Ecosystem · Libraries
OpenSSL (and family)
The dominant open-source TLS / crypto library, by a wide margin. OpenSSL ships in nearly every Linux distribution, in macOS as a compatibility shim, on Windows via vcpkg, and in countless server applications. Its openssl(1) CLI is the one-liner answer to most hashing questions, and libcrypto is the C library embedded in everything from Postgres to OpenSSH.
The CLI cheatsheet
openssl dgst -sha256 file.bin # SHA-256 of a file
openssl dgst -sha3-256 -hex file.bin # SHA3-256
openssl dgst -blake2b512 file.bin # BLAKE2b-512
openssl dgst -hmac KEY -sha256 file.bin # HMAC-SHA-256
# Streaming via pipe
cat file.bin | openssl dgst -sha512
# Verify a published digest
echo "$EXPECTED file.bin" | openssl dgst -sha256 -checkHash algorithms in mainline OpenSSL 3.x
- MD5, SHA-1
- SHA-224 / 256 / 384 / 512 / 512-224 / 512-256 (the SHA-2 family)
- SHA3-224 / 256 / 384 / 512, SHAKE128, SHAKE256
- BLAKE2b, BLAKE2s
- RIPEMD-160
- Whirlpool
- SM3
libcrypto programmer-facing API
Modern OpenSSL (3.x) uses the EVP abstraction:
#include <openssl/evp.h>
EVP_MD_CTX *ctx = EVP_MD_CTX_new();
EVP_DigestInit_ex(ctx, EVP_sha256(), NULL);
EVP_DigestUpdate(ctx, data, len);
unsigned char digest[EVP_MAX_MD_SIZE];
unsigned int dlen;
EVP_DigestFinal_ex(ctx, digest, &dlen);
EVP_MD_CTX_free(ctx);Forks worth knowing
- BoringSSL, Google’s fork, used in Chrome, Android, and many Google services. Not stable-API; consumers vendor it. Often runs ahead on TLS 1.3 implementation details.
- LibreSSL, OpenBSD’s fork, started after Heartbleed (2014).

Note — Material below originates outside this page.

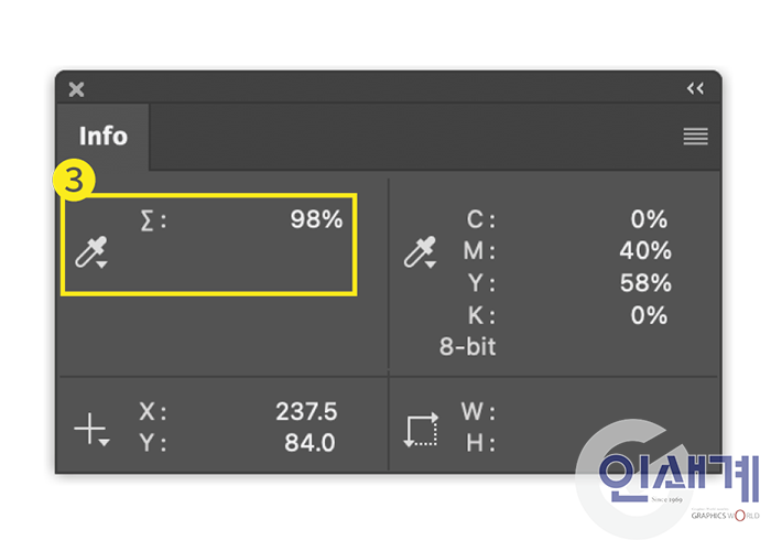 포토샵(Photoshop)에서는 아이드롭퍼(Eyedropper)와 정보 패널(Info Panel) 도구를 사용할 수 있다. 정보 패널을 사용자 지정해 항상 왼쪽 상단 부분에 총 잉크(Total Ink) 양을 표시하도록 설정한다.

Aggressively prunes legacy code paths and historically prioritized code clarity over portability.
- AWS-LC, AWS s2n, Amazon’s fork (libcrypto-shaped) and TLS implementation. Auditable and FIPS-targetable.

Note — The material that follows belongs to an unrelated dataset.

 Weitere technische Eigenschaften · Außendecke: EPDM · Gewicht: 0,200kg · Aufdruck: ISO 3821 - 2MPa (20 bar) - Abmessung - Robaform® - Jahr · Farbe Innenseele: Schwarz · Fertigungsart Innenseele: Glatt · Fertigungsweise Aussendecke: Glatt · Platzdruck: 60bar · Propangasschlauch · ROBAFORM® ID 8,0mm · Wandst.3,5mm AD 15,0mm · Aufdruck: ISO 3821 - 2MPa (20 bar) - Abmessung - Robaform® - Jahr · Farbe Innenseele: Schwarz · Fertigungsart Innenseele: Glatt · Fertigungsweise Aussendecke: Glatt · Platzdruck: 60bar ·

- wolfSSL , small-footprint commercial library with an OpenSSL-compatible API.
FIPS and HACL*
For regulated environments, OpenSSL ships a FIPS provider. For formally-verified hash code, see HACL* (proven correct in F*). Major projects (Mozilla NSS, EverCrypt) integrate HACL* for performance-critical primitives.